George Tzogopoulos writes in Global Times
In one of the most significant elections in modern Greek history on Sunday, leftist Syriza managed to take a critical victory. More importantly, it almost immediately announced its cooperation with the right-wing party Independent Greeks, creating a new coalition government. On these grounds, the fears for a second election and a long period of political instability have been eliminated. At a first glance, a cooperation scheme between a leftist and a right-wing party entails risks for future cohesion problems because agendas are rather different. Indeed, Syriza and Independent Greeks have contradictory priorities regarding foreign policy, the role of the church, migration and statism. But it is their opposition toward the current bailout which brings them together.
In a country suffering from high unemployment and deep recession, a common tendency to terminate the policy of austerity can overshadow other differences. It is all about the economy. It is here where the success of the new Greek government will be decided. Both Syriza and Independent Greeks are prepared to renegotiate with the creditors of the country in order to change the recipe in steering it out of the crisis. This mission is highly difficult. The creditors of Greece, including Germany and the IMF, are not enthusiastic. By contrast, they call on the Greek government to respect its international obligations and remain committed to a reform path. Examples include recent remarks made by both German Finance Minister Wolfgang Schäuble and IMF Managing Director Christine Lagarde who reject the possibility of a renegotiation.
The aggressive rhetoric of Syriza in previous months is currently leading analysts to explore whether the party will be determined to turn its pre-election promises into action. Even the investments of foreign countries could be at stake. The new government has reportedly decided to halt the sale of a majority stake in the port of Piraeus in which China’s COSCO Group is a main buyer. It is not a coincidence that Chinese ambassador Zou Xiaoli was among the first to meet new Prime Minister Alexis Tsipras one day after the inauguration of the latter.

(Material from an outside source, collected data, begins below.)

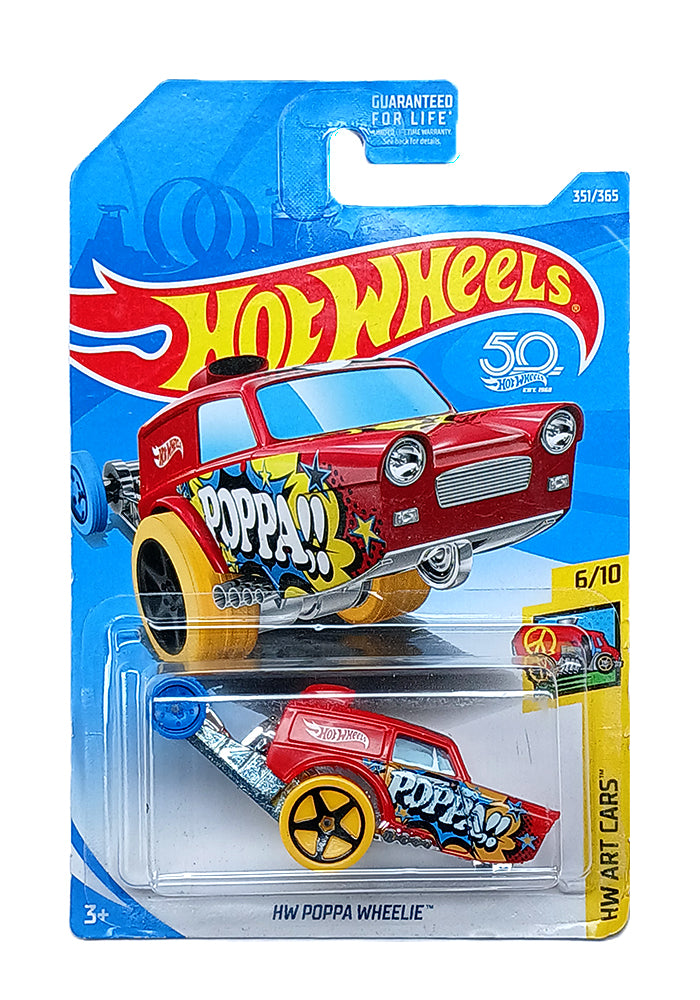 EXCLUSIVES Hot Wheels HW Poppa Wheelie - Red - 2017 Card (With Protector Case)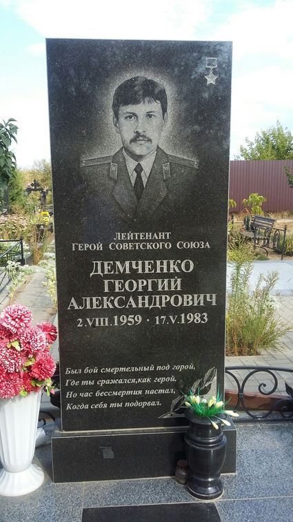 Демченко Георгий Александрович – командир 2-го взвода 7-й роты Кунарского батальона (войсковая часть полевая почта 93992) 66-ой отдельной мотострелковой бригады 40-й армии Краснознамённого Туркестанского военного округа (ограниченный контингент советских войск в Демократической Республике Афганистан), лейтенант.
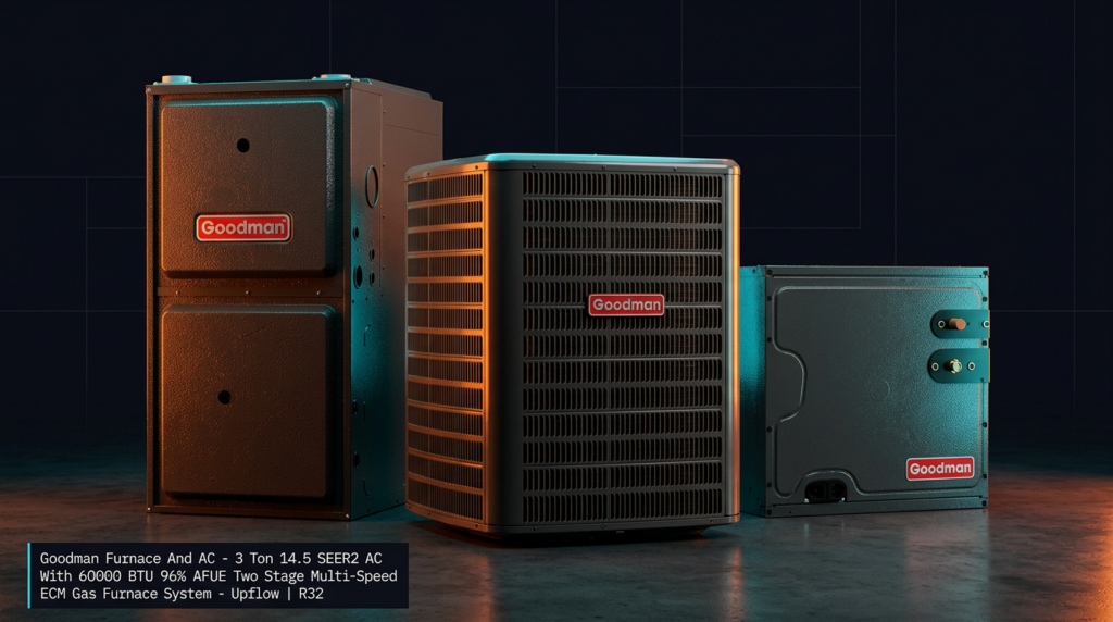 Goodman Furnace And AC – 3 Ton 14.5 SEER2 AC With 60000 BTU 96% AFUE Two Stage Multi-Speed ECM Gas Furnace System – Upflow | R32
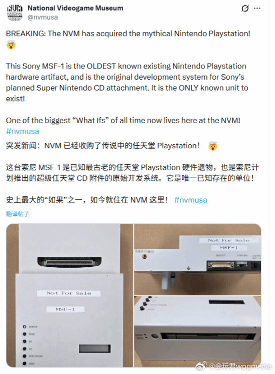“任天堂PlayStation”原型机入藏电子游戏博物馆当任天堂与索尼在90年代初分道扬镳时,没人想到那场失败的合作竟孕育了游戏史上最著名的“如果”——而现在,这段历史的唯一实物见证,终于找到了永久的归宿。美国国家电子游戏博物馆(NVM)宣布,已成功收藏一台堪称圣物的稀有文物:索尼MSF-1“任天堂PlayStation”原始开发系统。这台机器不仅是已知现存最古老的任天堂PlayStation硬件,更是同类中唯一存世的开发原型机,其历史价值无可估量。这台编号为MSF-1的设备,是1990年代初索尼与任天堂秘密合作的产物。由索尼的“PlayStation之父”久多良木健主导,双方计划为超级任天堂(SNES)开发一款能够播放CD-ROM的光驱附件。在任天堂同时与飞利浦接洽同类项目后,合作破裂,数百台原型机大多被销毁或遗失。索尼随后将积累的技术与经验转向独立游戏主机开发,最终诞生了改变行业格局的初代PlayStation。因此,这台原型机不仅是两家巨头短暂联姻的见证,更是整个PlayStation帝国的技术原点。与其他偶然现身于杂物堆、泛黄斑驳的几台原型机不同,这台MSF-1的特殊之处在于其“身份”——它是原始开发系统,在设计师尚未对外观进行任何修饰打磨之前就已诞生,通体方正、接口裸露,纯粹为功能而生,却也因此更具工业遗迹的震撼力。NVM官方在社交媒体上感叹:“游戏史上最大的‘如果’,如今安家于此。”随着这件稀世珍品入藏博物馆,未来将有更多人有缘一睹这段被尘封三十余年的历史。从实验室的废弃原型,到游戏产业的分水岭,这台不起眼的灰盒子诉说的,正是那个决定行业走向的瞬间。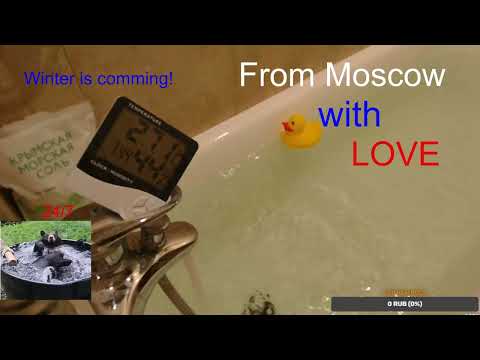 Новый стример под ником russianhotwater подписал трансляцию «From Moscow with love». На картинке видна ванна с водой в помещении и термометр, показывающий около 30 градусов. Рядом с ванной лежит пакет «Крымская морская соль». Трансляция сопровождается музыкой Любэ «Комбат», Агаты Кристи «Я не забуду о тебе никогда», Высоцкого «Баллада о борьбе» и другими композициями.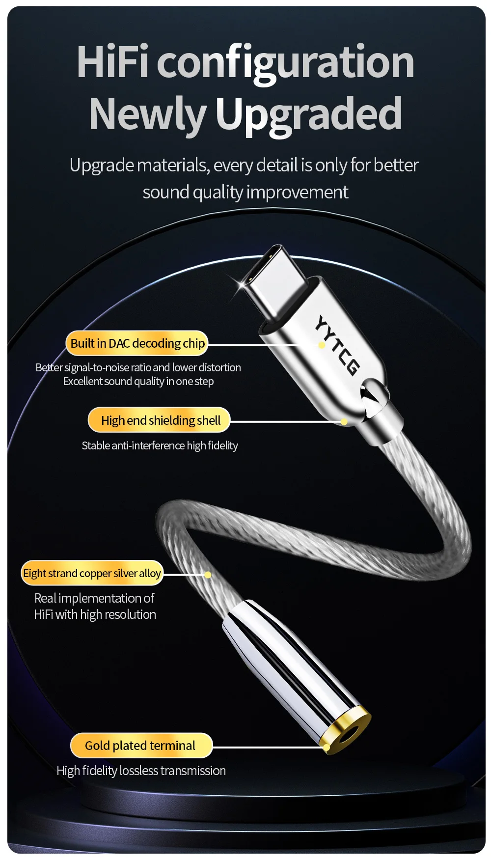 Chip decodificador DAC integrado relación señal-ruido entrefer y menor distorsión Excelente calidad de sonido en un solo paso Carcasa de blindaje de alta gama Antiinterferencias estable de alta fidelidad Aleación de plata y cobre de ocho hilos Implementación real de Hifi con alta resolución Terminal chapado en oro Alta fidelidad transmisión sin pérdidas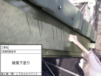破風板下塗り施工中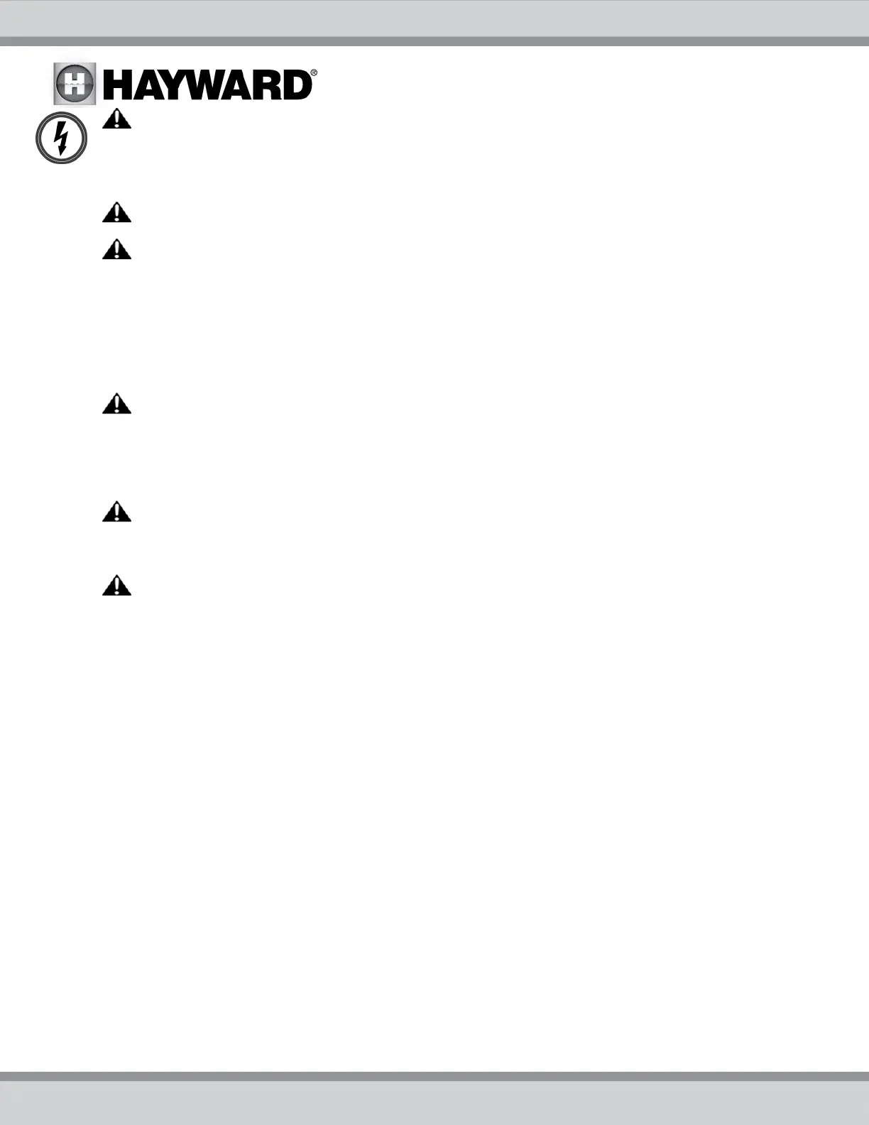 USE ONLY HAYWARD GENUINE REPLACEMENT PARTS

Many members of the new Greek government such as Tsipras do not have experience in governing. Sooner or later, they will realize that it is continuity which marks policymaking. There is room for changes only if presented alternative suggestions are viable and sustainable. In that regard, the Greek prime minister believes that his government will be able to meet the country’s fiscal targets by proposing a model against austerity. His will to do so has created a wave of hope in some peripheral countries, such as Spain, where the Podemos movement is gaining ground. Realism is required though. Greece cannot act independently because it does not have its own currency as was the case with the then Brazilian president Lula in 2003. The best scenario is to participate in the recently announced European Quantitative Easing umbrella. Nonetheless, it will not benefit by the new program of the European Central Bank President Mario Draghi if it fails to agree with the “Troika” of the European Commission, the IMF and the European Central Bank.
Growth will help Greece to recover. But the main challenge is not to achieve growth through a massive monetary expansion of outward resources but via domestic structural reforms. Greece needs to reform from within in order to be able and serve its debts in the future. In spite of the pain of austerity, no other way could contribute to a drastic reduction of its twin deficits, the budget and the current account, in the previous four years.
The new coalition Greek government deserves some time. Its strong public mandate provides it with political legitimacy to start talks with the creditors of the country.
It should remember, however, that previous Greek governments have failed to renegotiate. It should also be remembered that it was the Greek crisis that made the bailout of austerity necessary and not the bailout that created the Greek crisis. It is in the interests of the country, its citizens and the eurozone for the new Greek government to avoid illusions and look at the hard reality. Only by showing progress will Greece improve its bargaining position vis-à-vis the Troika and boost its credibility in order to negotiate for the post-bailout era. If it pretends to offer a panacea on its own, the new government will only lead Greece to an unknown adventure.